Kate Moss at her peak has never photographed as much as any one
of the screwed up houses of the Ninth Ward during Mardi Gras.
The 9th Ward
Marching Band celebrated their ten-year anniversary this year. They
humbly debuted with a core of around a dozen folks - including notable
musicians such as Quintron, Miss
Pussycat, Trachiotomy, John
Henry Kelly (Detonations), Lefty
Parker (Interlopers, the Circle Bar), Jamie Kallel
(Sex Hunter), and Matt Vis (Kid Calculator). The 9th has since inflated
into a substantial sixty-five member unit divided into the following
sections: drums, brass, glockenspiels, cymbals, rifle girls, cheerleaders,
batons, flags, cowgirls, and a gong.

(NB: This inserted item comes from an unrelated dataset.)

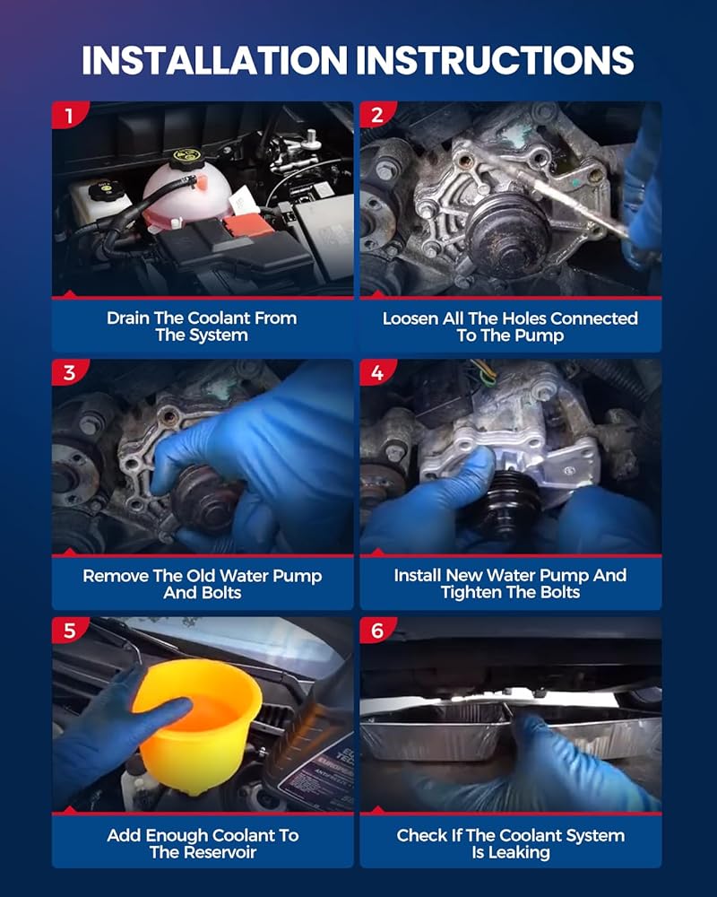 • ملاحظة: يرجى التحقق مما إذا كانت مضخة المياه متوافقة مع سيارتك قبل الشراء. خدمة ما بعد البيع: توفير خدمة ما بعد البيع لمدة عام بدون قلق. إذا كان هناك أي فشل، واسمحوا لنا أن نعرف في أي وقت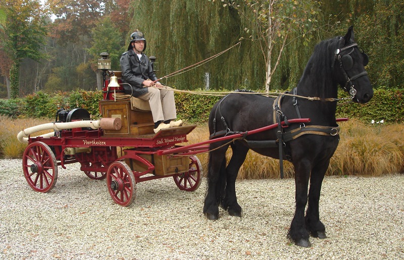 Een bijzondere wagen is onze antieke brandweerwagen. Een schitterende wagen om bijvoorbeeld optochten mee op te luisteren. De koetsier is gekleed in originele brandweerjas en helm. De wielen hebben nog het originele ijzeren beslag, wat een indrukwekkend geluid produceert wanneer dit rijtuig voorbij komt, getrokken door een Fries paard.

The gong, not played frequently,
is carried and banged with much ceremony. The band even has its
own security though I haven’t yet decided whether it’s
to protect the band from the crowd or the crowd from the band. Whoever
it was must’ve felt pretty secure this year as their safety
was in the martial-arts-trained hands of two celebrity New Orleans
expat-musicians, E.P.
(Imagine
"the" Band) and rapper Tiana
Hux (Sweet Tea). The 9th employs a traditional military
style of marching with some strange left-to-right freezes and other
quirks thrown in for humor and style. The repertoire this weekend
was a steady medley of the theme from Halloween, “Rock You
Like a Hurricane,” “Love is Like Oxygen,” and
“House of the Rising Sun.”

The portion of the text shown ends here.